Diamond Offshore Drilling 8-K 2012
SECURITIES AND EXCHANGE COMMISSION
WASHINGTON, DC 20549
Pursuant to Section 13 or 15(d) of the
Securities Exchange Act of 1934
Date of report (Date of earliest event reported): May 9, 2012
Diamond Offshore Drilling, Inc.
(Exact Name of Registrant as Specified in Charter)
15415 Katy Freeway
Houston, Texas 77094
(Address of Principal Executive Offices and Zip Code)
Registrants telephone number, including area code: (281) 492-5300
(Former name or former address, if changed since last report)

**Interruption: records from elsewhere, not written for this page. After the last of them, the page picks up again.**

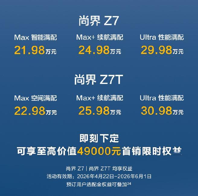 尚界品牌官宣肖战为首位代言人后,品牌第二款车型Z7/Z7T也正式上市,价格较预售整体下调1万元,均推出Max、Max+、Ultra三个配置版本。其中,Z7起售价为21.98万元,Z7T起售价为22.98万元。
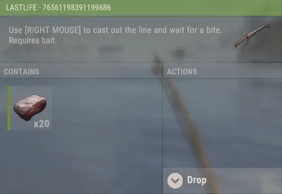 How to fish in Rust using a fishing rod, using bait like worms or grubs, and proper cast timing.
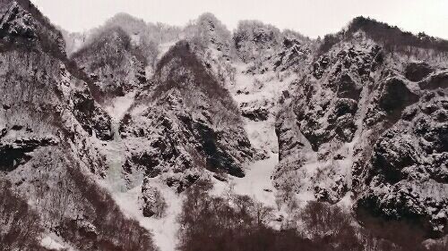 1月25日雷電海岸3日目。今日は4ルンゼを昇った。駐車場からくっきりと4ルンゼの大きな氷瀑が見える。しかしその取りつきに到着するまでが私の核心だった。雪が深く靴が潜り込むのでアイゼンではなくMSRを穿いて雪道を登るのだが、実は私はこれが大の苦手なのだ。言い訳だけど、MSRの幅と長さが小さく短い私の歩幅と合わず、しょっちゅう干渉しあってスムーズに歩けない。そのため、今日は最初からアイゼンを穿いて出発したが、もう白い蟻地獄に落ちたも同然の大変さだった。他に登っている人はいないのでいつもラッセルで登るのだが、雪を踏むと靴がズズッと沈みこんでしまう。何とか沈み込まない場所を検討つけて足を上げるのだが、二歩目もズズーンと沈む。すごい無力感!!。これを何度も繰り返してさすがに辛く、不満を言いたかったが、誰に不満を言おう。自分が望んできた旅ではないか。辛抱して、一歩下がって二歩進むではなく、二歩下がって一歩上がるを累々と繰り返してやっと取りつきに到着した。さすがにガイドも気の毒がってくれた。ガイドはMSRで豪快に上昇していく。ブルドーザーと軽自動車の差に思えた。 雷電海岸 4ルンゼ 4ルンゼは遠目で見てもかなり幅も高さもある立派な氷瀑である。気を取り直して登攀開始。特に技術的困難はないが、何しろ長い。持久力を試された。 私はアックスを打ち込むのはけっこううまくできるだが、足の蹴り込みが弱い気がする。前爪がしっかり氷を捉えていない状態でムーブを変えて滑ったことがあった。「打つ」「蹴る」と言いながら一歩一歩上昇していった。細い首状の氷を超えて2ピッチ目の上の段に上がりきった所から先が長かったがここは特に困難はなかった。終了点から今日も日本海を眺めた。モノトーンの世界が広がっていた。 日本海
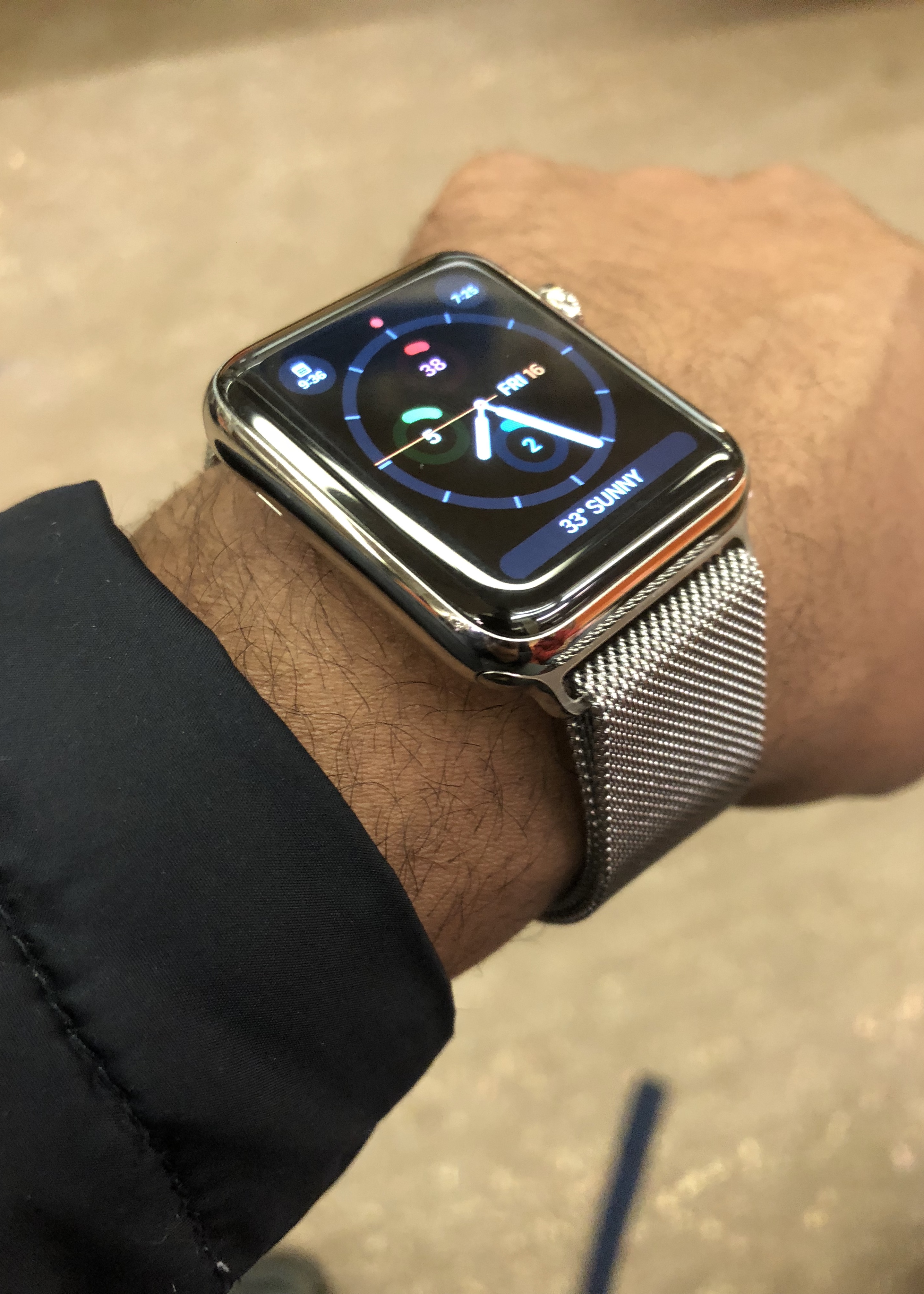 The stainless looks nice. I use to have the space black. That picture in the middle of the orange band is that one Apple sells??
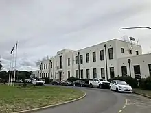Ainslie School fronts onto Donaldson Street is one of Canberra's oldest schools.[17] It was opened in 1927 as the first official act of the Prime Minister Stanley Bruce following his arrival in Canberra.[17] It is described by the ACT Heritage Commission as having "a high degree of integrity with intact street and site planting and relatively intact built elements and original internal fittings in the Art Deco style." It is also believed to be "the first in Australia to be planned with a library, a lecture room and a needlework room". The original building was completed in 1927 and, with the opening of a larger building for the primary in 1938,[9] it became the infants school. From 1980, the building was occupied by Questacon (until 1988) and the School Without Walls (until 1997). In recent years it has been occupied by the Ainslie Arts Centre.[18]
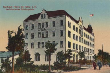 Keywords: Rügen Postkarte 019.jpg Prora bei Binz a R Kaufmännisches Erholungsheim http //www zeno org - Zenodot Verlagsgesellschaft mbH Arthur Schuster Stettin ~ 1900 Postcards of Rügen Prora Postcards of hotels in Germany Former buildings and structures in Mecklenburg-Vorpommern Bäderarchitektur PD-old Images from zeno org |
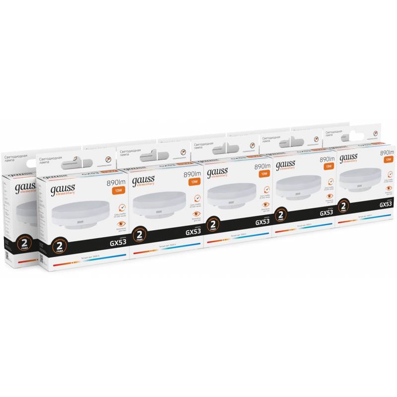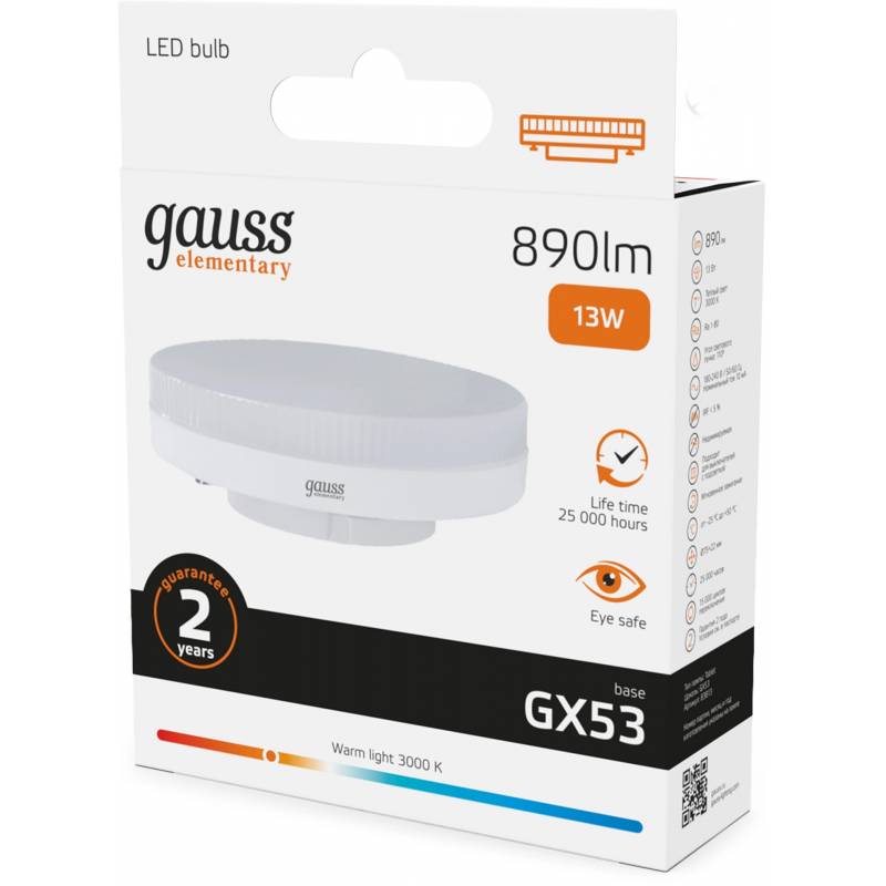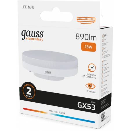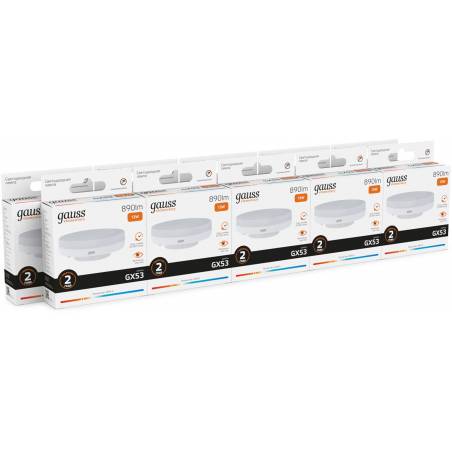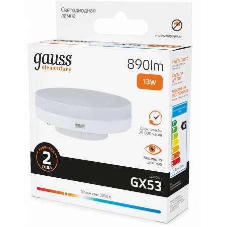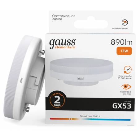 Лампа светодиодная Gauss Elementary 13Вт цок.:GX53 таблетка 220B св.свеч.бел.теп. Tablet (упак.:10шт) (83813)
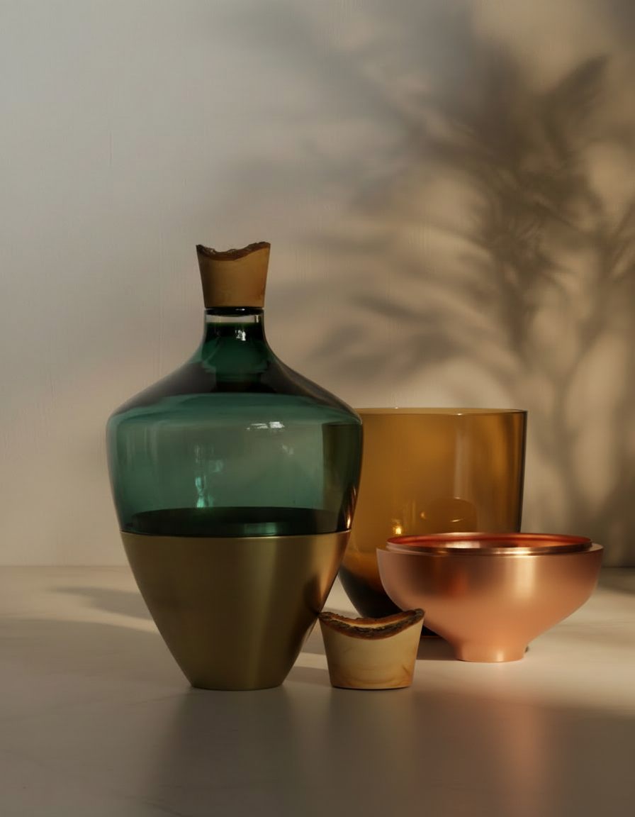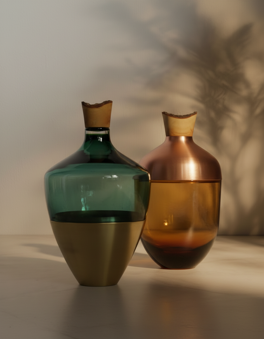 Founded in 2012, Utopia & Utility merges the functional with the fantastical through handcrafted vessels that unite materials like glass, wood, and metal. Each piece tells a story of collaboration, heritage, and sustainable creativity.
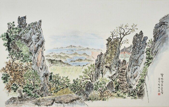 | ▲ 해남 가을미술관 전시회 박태준 작품 달마산도솔암 한지에 먹 73x113cm 202451x75cm / 해남군 제공 |
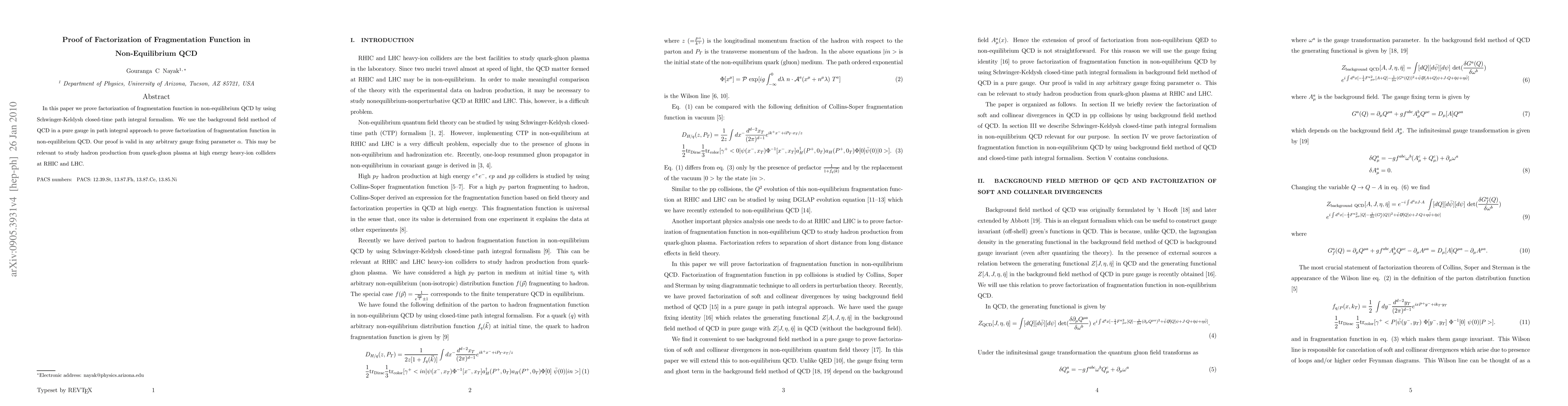 This paper proves the factorization of the fragmentation function in non-equilibrium QCD using the Schwinger-Keldysh formalism and the background field method, valid for any gauge fixing parameter $\alpha$. This result is significant for studying hadron production in high-energy heavy-ion collisions at RHIC and LHC.

Check the appropriate line below if the Form 8-K filing is intended to simultaneously satisfy the filing obligation of the registrant under any of the following provisions:
Item 8.01. Other Events
On May 9, 2012, Diamond Offshore Drilling, Inc. (the Company) announced that a subsidiary, Diamond Offshore Drilling Limited, has entered into a turnkey contract with Hyundai Heavy Industries Co., Ltd. (Hyundai) for construction of a new ultra-deepwater drillship with delivery scheduled in the fourth quarter of 2014. Total cost, including commissioning, spares and project management, but excluding capitalized interest, is expected to be approximately $655 million.
The new drillship, to be named Ocean BlackLion, will be of the same design as the Companys three units currently on order with Hyundai. Design specifications include dynamic-positioning, dual activity capability, a maximum hook-load capacity of 1,250 tons, and operating capability at water depths up to 12,000 feet, though initially outfitted for operation at 10,000 feet. The unit will also feature two seven-ram blowout preventer (BOP) stacks, with the second available for use as a spare.
The Company has elected to equip its previously announced drillships now under construction with an additional seven-ram BOP to improve rig reliability. The cost to add a second BOP is approximately $34 million, bringing the average total price for each of the previously announced drillships to approximately $640 million.
The Company also announced that it has completed the sale of four jack-up drilling rigs in two separate transactions. The Ocean Heritage was sold for $45 million in cash, and the cold stacked mat-supported rigs Ocean Champion, Ocean Crusader, and Ocean Drake were together sold for $10 million in cash; all four units were held for sale in the Companys first-quarter financial results.
Filed herewith is a copy of such press release.
Statements in this report that contain forward-looking statements within the meaning of Section 27A of the Securities Act of 1933, as amended, and Section 21E of the Securities Exchange Act of 1934, as amended, include, but are not limited to, statements concerning future costs, sources of funds, timing of construction and delivery, future market conditions, rig design and capabilities, competition, future returns and future utilization and profitability. Such statements are inherently subject to a variety of assumptions, risks and uncertainties that could cause actual results to differ materially from those anticipated, estimated or projected. A discussion of the risk factors that could impact these areas and the Companys overall business and financial performance can be found in the Companys reports and other documents filed with the Securities and Exchange Commission. These factors include, among others, general economic and business conditions, contract cancellation, changes in oil and natural gas prices, operating risks, casualty losses, industry fleet capacity, changes in foreign and domestic oil and gas exploration and production activity, competition, changes in foreign, political, social and economic conditions, regulatory initiatives and compliance with governmental regulations, customer preferences and various other matters, many of which are beyond the Companys control. Given these concerns, investors and analysts should not place undue reliance on forward-looking statements. Each forward-looking statement speaks
only as of the date of this report. The Company expressly disclaims any obligation or undertaking to release publicly any updates or revisions to any forward-looking statement to reflect any change in the Companys expectations with regard thereto or any change in events, conditions or circumstances on which any forward-looking statement is based.
Item 9.01. Financial Statements and Exhibits
Pursuant to the requirements of the Securities Exchange Act of 1934, the Company has duly caused this report to be signed on its behalf by the undersigned hereunto duly authorized.